Compresses APSP data from 1TB to a few GB on large road networks.
Demonstrates effectiveness on a dataset with 1.2 million vertices.
Abstract
Efficient solution of the single source shortest path (SSSP) problem on road networks is an important requirement for numerous real-world applications. This paper introduces an algorithm for the SSSP problem using compression method. Owning to precomputing and storing all-pairs shortest path (APSP), the process of solving SSSP problem is a simple lookup of a little data from precomputed APSP and decompression.

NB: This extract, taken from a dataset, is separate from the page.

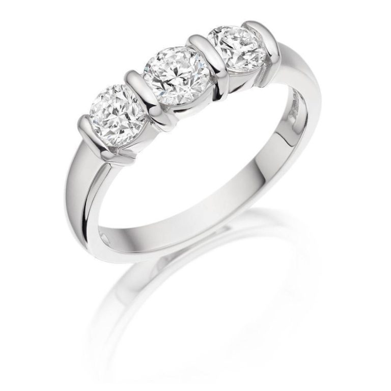 Platinum Three Stone Round Brilliant Cut Diamond Bar Set Ring
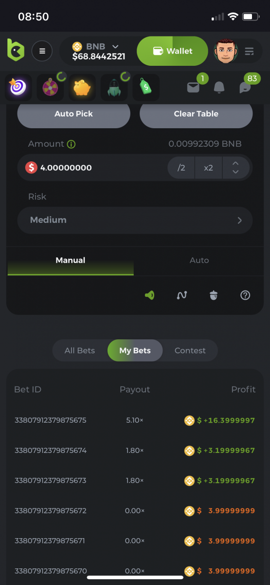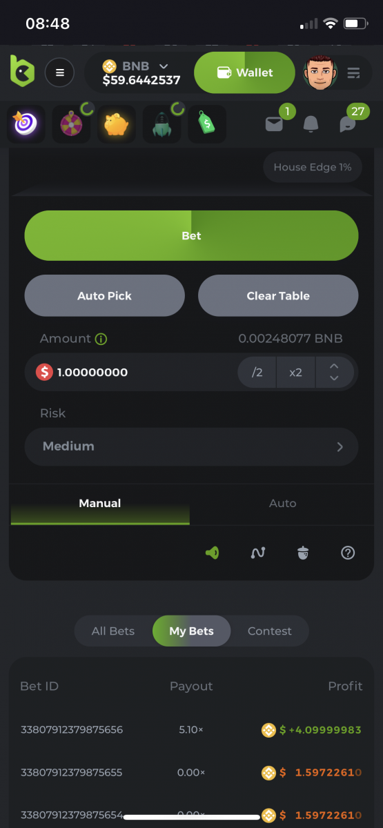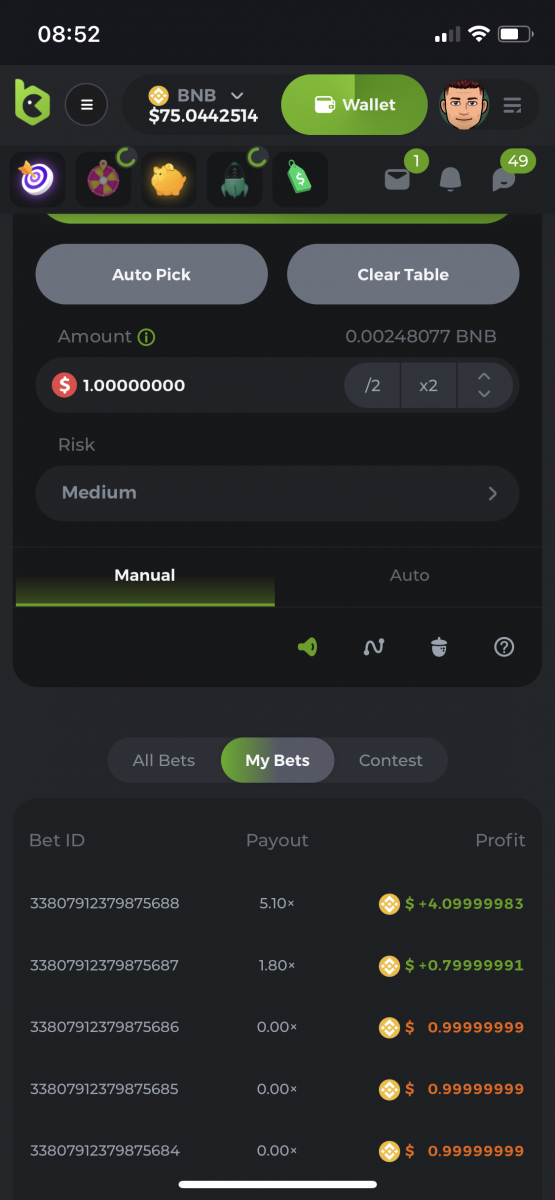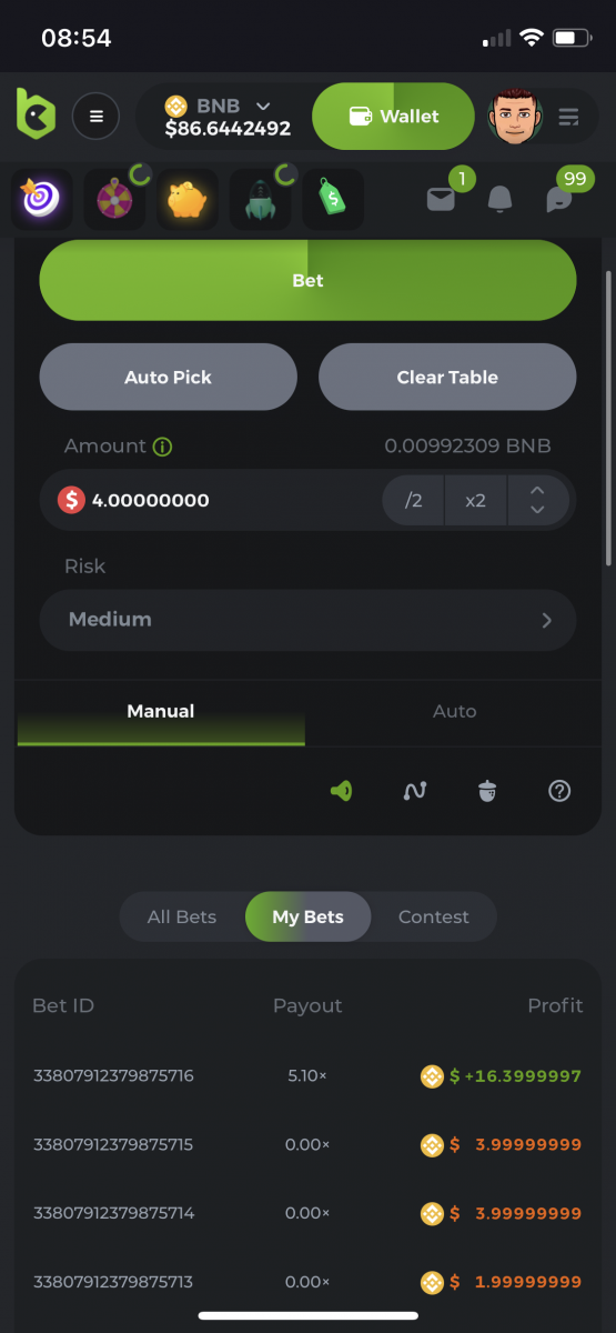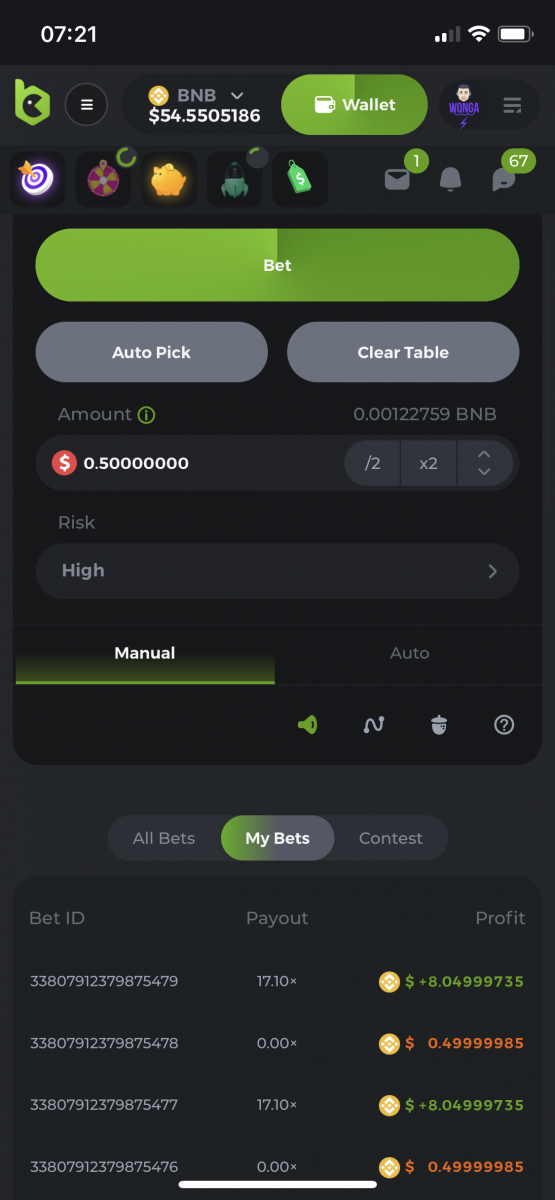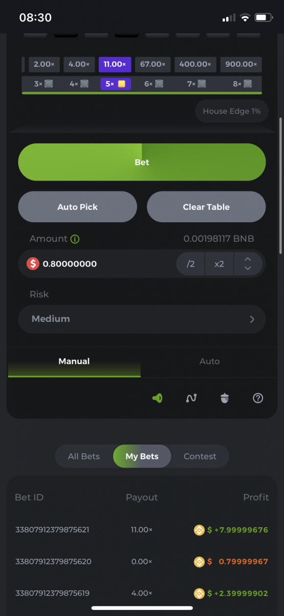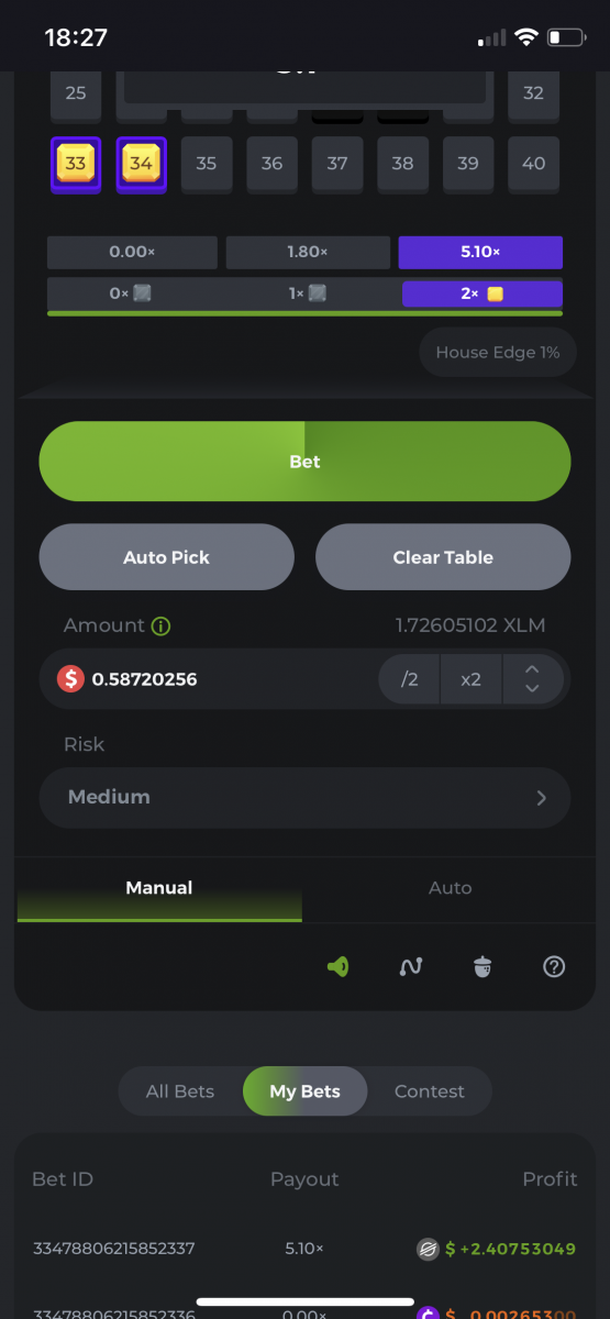 • The payouts must be EXACT hits (56x and 50x are not the same) - if you can't find a payout, try changing the risk level to medium or high.

APSP without compression needs at least 1TB memory for a road network with one million vertices. Our algorithm can compress such an APSP into several GB, and ensure a good performance of decompression. In our experiment on a dataset about Northwest USA (with 1.2 millions vertices), our method can achieve about three orders of magnitude faster than Dijkstra algorithm based on binary heap.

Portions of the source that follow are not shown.